Multi Pretext Masked Autoencoder (MP-MAE)

This repository contains code used to create the models and results presented in this paper MMEarth: Exploring Multi-Modal Pretext Tasks For Geospatial Representation Learning. It modifies the ConvNext V2 architecture to be used with MMEarth, which is a multi-modal geospatial remote sensing data.

Installation

See INSTALL.md for more instructions on the installation of dependencies

Training

See TRAINING.md for more details on training and finetuning.

Model Checkpoints

All the pretraining weights can be downloaded from here. The folders are named in the following format. Inside the folder you will find a checkpoint .pth weight file. An example to load the weights is in the examples folder.
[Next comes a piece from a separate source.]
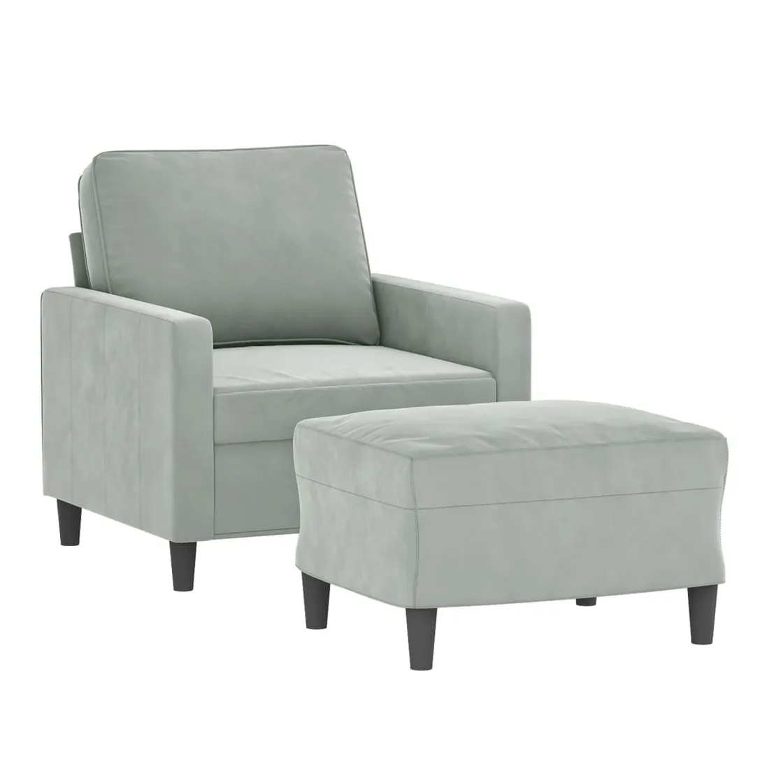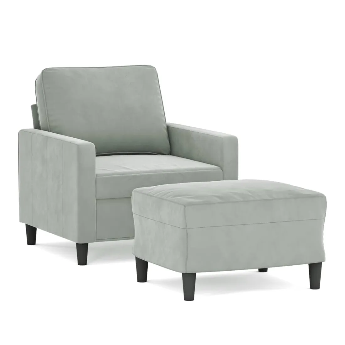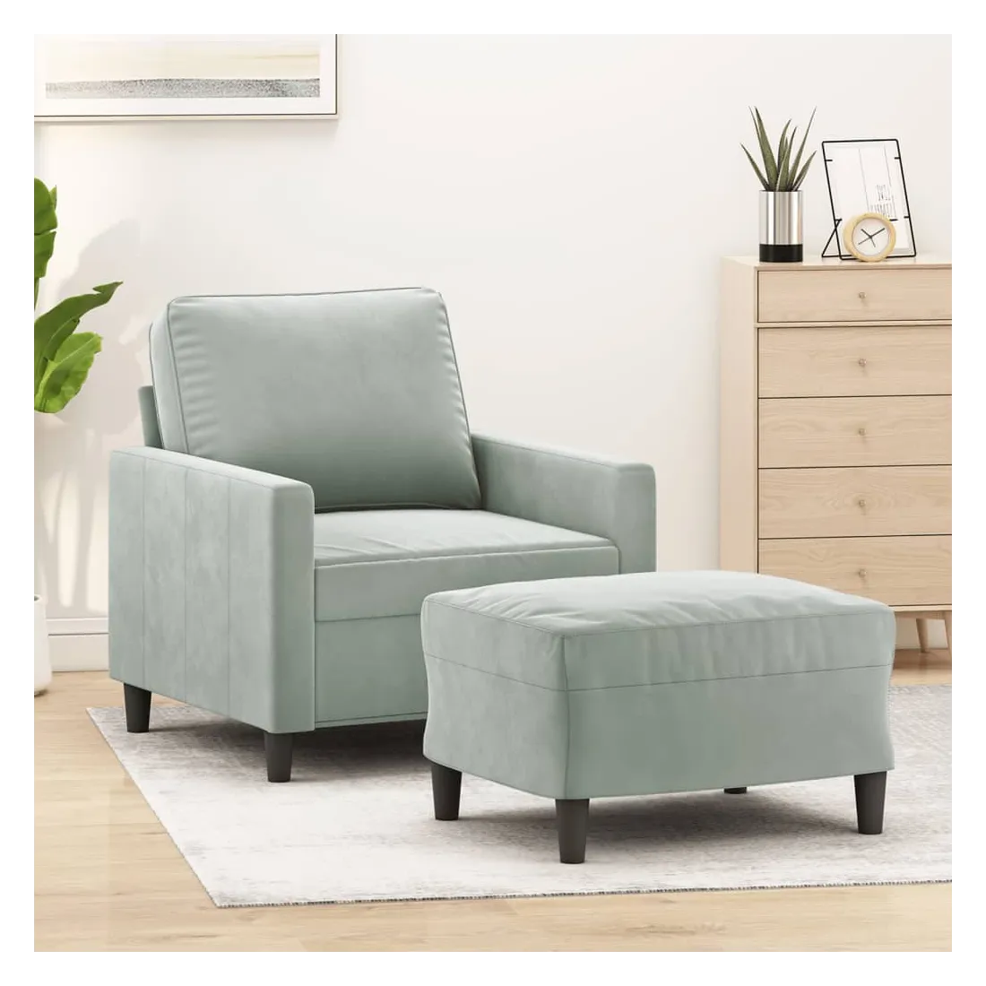 Ce fauteuil avec repose-pied est un excellent endroit pour discuter, lire, regarder la télévision ou simplement vous détendre. Il est destiné à être un point central de votre maison. Velours durable : le velours est un tissu doux et confortable, agréable au toucher.Structure robuste et stable : la structure en contreplaqué et en métal du canapé avec repose-pieds assure robustesse et stabilité.Expérience d'assise confortable : le fauteuil est très confortable avec le siège, les accoudoirs et le coussin de dossier bien rembourrés.Repose-pied polyvalent : ce repose-pied convient pour reposer vos pieds lorsque vous êtes allongé dans un canapé ou un fauteuil inclinable, ou pour vous offrir un siège supplémentaire dans votre pièce. De plus, le design simple et la taille compacte le rendent idéal pour presque tous vos espaces de vie.Design accrocheur : doté d'un design simple mais moderne, ce canapé avec repose-pied est destiné à attirer l'attention dans votre pièce.
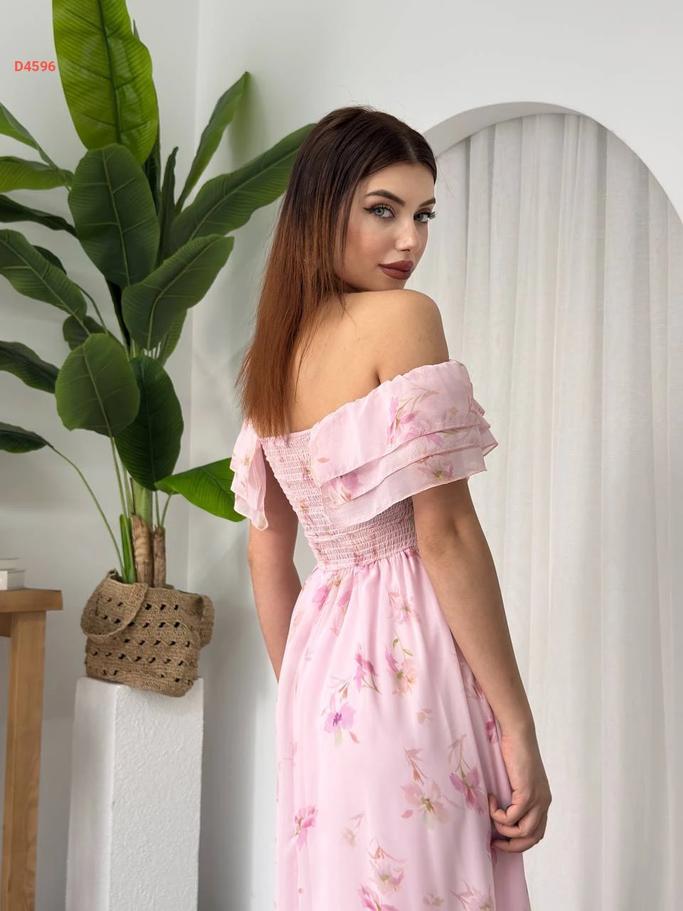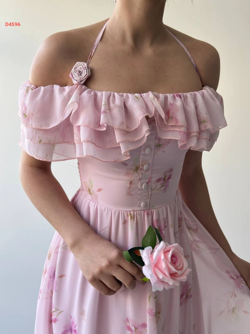 فستان طويل شيفون مورد بياقة مكشكشة

pt-all_mod_$MODEL_$DATA_$IMGSIZE_$LOSS/

$MODEL: atto or tiny
$DATA: 100k or 1M
$IMGSIZE: 128 or 64
$LOSS: uncertainty or unweighted # This is the loss weighting strategy. Most experiments in the paper were run using the uncertainty method. 
# note that while the img size is 128 or 64, during pretraining we use a random crop to make the image sizes 112 and 56 respectively.

Acknowledgment

This repository borrows from the ConvNeXt V2 repository.

Citation

Please cite our paper if you use this code or any of the provided data.

Vishal Nedungadi, Ankit Kariryaa, Stefan Oehmcke, Serge Belongie, Christian Igel, & Nico Lang (2024). MMEarth: Exploring Multi-Modal Pretext Tasks For Geospatial Representation Learning.